Catching Up With Mrs. Swell

"Tito" doing his thing on his everyday wave.
I took a solo trip across the border Sunday.  I darted to my favorite point and found only about five guys out.  Took the GoPro out with me, caught some fun, "almost" head high waves.  But some of the rides were pretty long, longer than Instagram would allow, long.  Still, a great wave to practice a little shredding.  The morning was pretty fun, looked like that sneaker NW swell didn't sneak it's way in, so a south swell dominated the early hours.  Met a couple few cool kats, including OsideJon and Tito.  I surfed with Tito a few times before.  But for a Tito (which in Pinoy means "Uncle"), he always rips, throws a bunch of buckets and has the energy of a grom (dude can paddle forever!).  The evening sesh was fun also.  That NW sneaker swell woke up Teresita's and I had some really fun rides.  That spot reminds me of the Swift Street wave when it gets wild.  Super, open ocean kind of wave.  Fun, but will buck you off if you get too cocky and send you to the bottom where you'll be greeted to some sharp ass reef.
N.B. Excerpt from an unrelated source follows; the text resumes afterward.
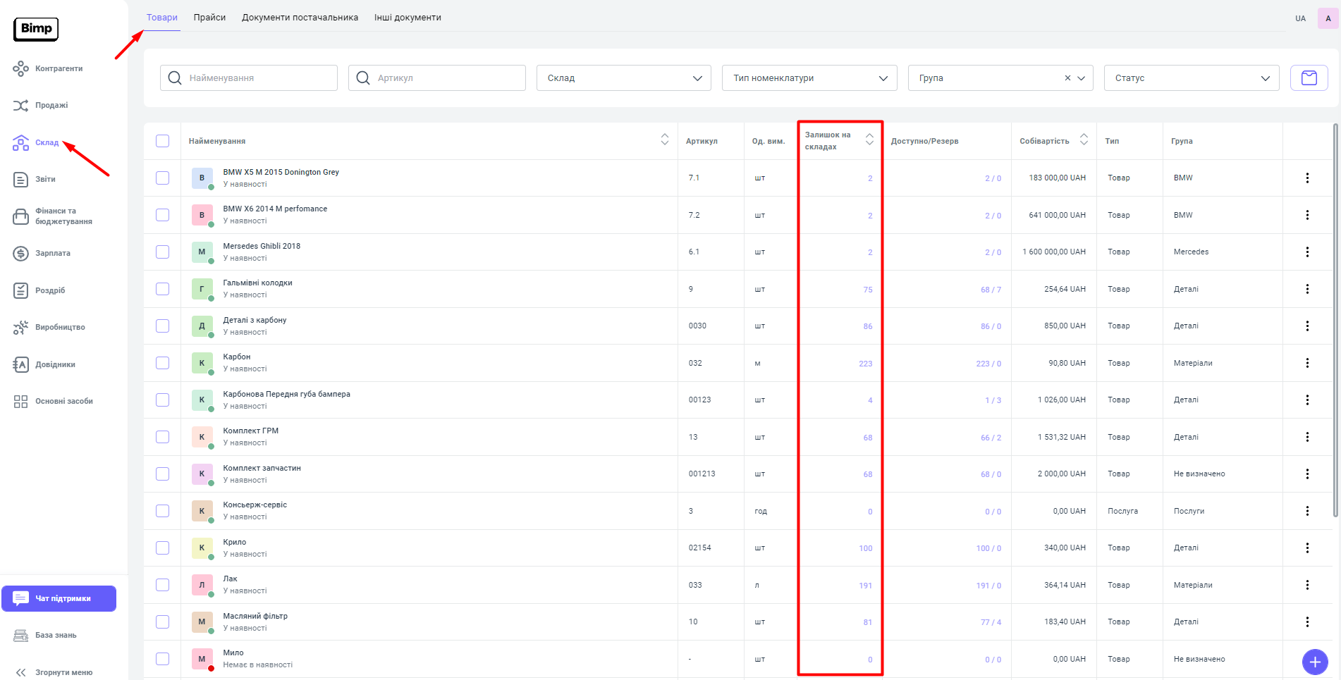 Для того, щоб подивитися залишки по складах необхідно перейти в блок Склад, розділ Товари. У стовпці "Залишок за складами" бачимо загальну кількість товару за складами.

OsideJon  showing that O-side style.  Represent!
On Monday, I caught my favorite reef breaking at about the overhead "plus" range.  Some of the waves looked double overhead, especially the second one I caught.  I looked up after I made the drop, and just saw it trying to foam me.  On one wave, I took off pretty late, which caused me to go for broke and blow through a couple sections to the open face where I caught up with this longboarder chick.  She didn't look too happy that I caught up to her.  She was just cruising along the face, smelling the flowers, and looked back in disgust that I was cruising right along with her.  I would have rode that wave with her all the way to the stairs, but she decided to kick out and get all pissy.  But hey, closest to the curl has the right of way, right? I don't blame her for dropping in on me.  I was busy busting through sections and came out of the nowhere, foamball land.  But if your reading this longboarder chick, I would have shared that wave with you all the way to the rocks, no need to kick out, just ask Papi!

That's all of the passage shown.